ETL consists of three separate phases:
Extraction
 Extraction is the operation of extracting information from a source system for further
use in a data warehouse environment. This is the first stage of the ETL process.
 Extraction process is often one of the most time-consuming tasks in the ETL.
 The source systems might be complicated and poorly documented, and thus
determining which data needs to be extracted can be difficult.
 The data has to be extracted several times in a periodic manner to supply all changed
data to the warehouse and keep it up-to-date.
Cleansing
The cleansing stage is crucial in a data warehouse technique because it is supposed to
improve data quality. The primary data cleansing features found in ETL tools are rectification
and homogenization. They use specific dictionaries to rectify typing mistakes and to
recognize synonyms, as well as rule-based cleansing to enforce domain-specific rules and
defines appropriate associations between values.
The following examples show the essential of data cleaning:
If an enterprise wishes to contact its users or its suppliers, a complete, accurate and up-to-date
list of contact addresses, email addresses and telephone numbers must be available.
If a client or supplier calls, the staff responding should be quickly able to find the person in
the enterprise database, but this need that the caller's name or his/her company name is listed
in the database.
If a user appears in the databases with two or more slightly different names or different
account numbers, it becomes difficult to update the customer's information.
Transformation
Transformation is the core of the reconciliation phase.

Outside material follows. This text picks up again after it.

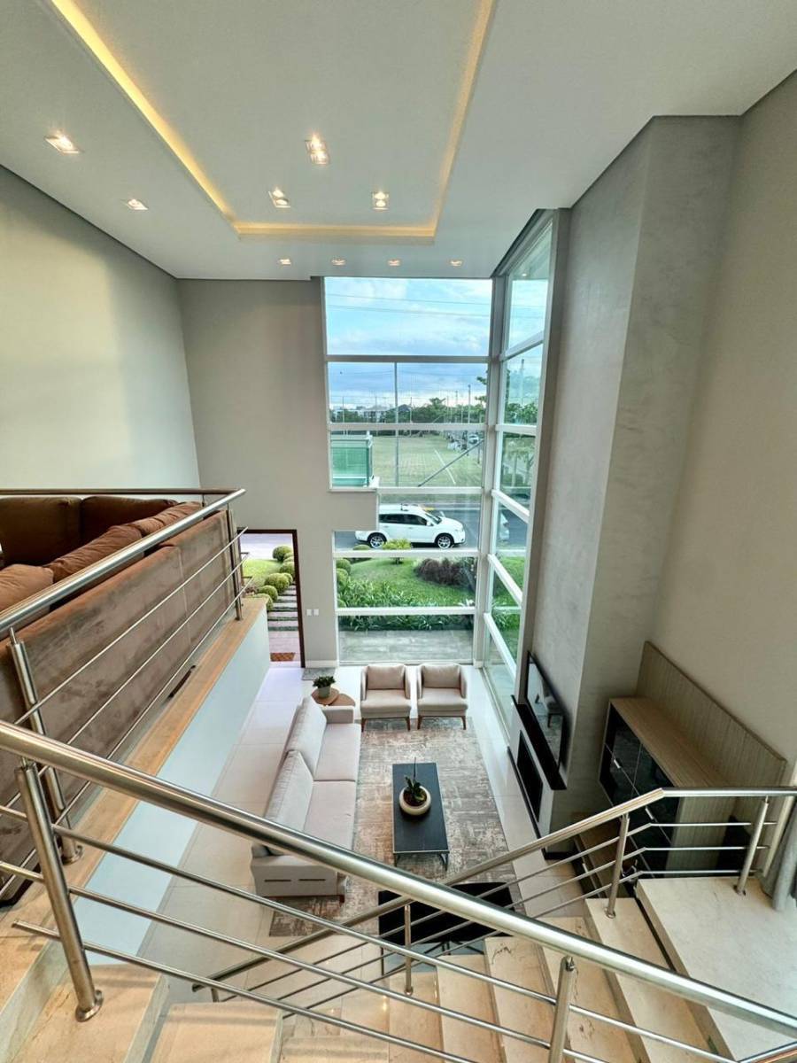 Sobrado de esquina! Frente a infra de lazer do condomínio. 04 amplas suítes (1 master com banheira de hidro), estar íntimo, lavabo, living 3 ambientes com pé direito duplo e lareira revestida, escadaria envelopada, cozinha americana com espaço gourmet e churrasqueira, lavanderia, garagem fechada para 2 carros, pátio com piscina, lindo jardim, cortinas automatizadas, mobília e decoração de muito bom gosto. Aproveite!

It converts records from its operational
source format into a particular data warehouse format. If we implement a three-layer
architecture, this phase outputs our reconciled data layer.
The following points must be rectified in this phase:
 Loose texts may hide valuable information. For example, XYZ PVT Ltd does not
explicitly show that this is a Limited Partnership company.
 Different formats can be used for individual data. For example, data can be saved as a
string or as three integers.
Following are the main transformation processes aimed at populating the reconciled data
layer:
 Conversion and normalization that operate on both storage formats and units of
measure to make data uniform.
 Matching that associates equivalent fields in different sources.
 Selection that reduces the number of source fields and records.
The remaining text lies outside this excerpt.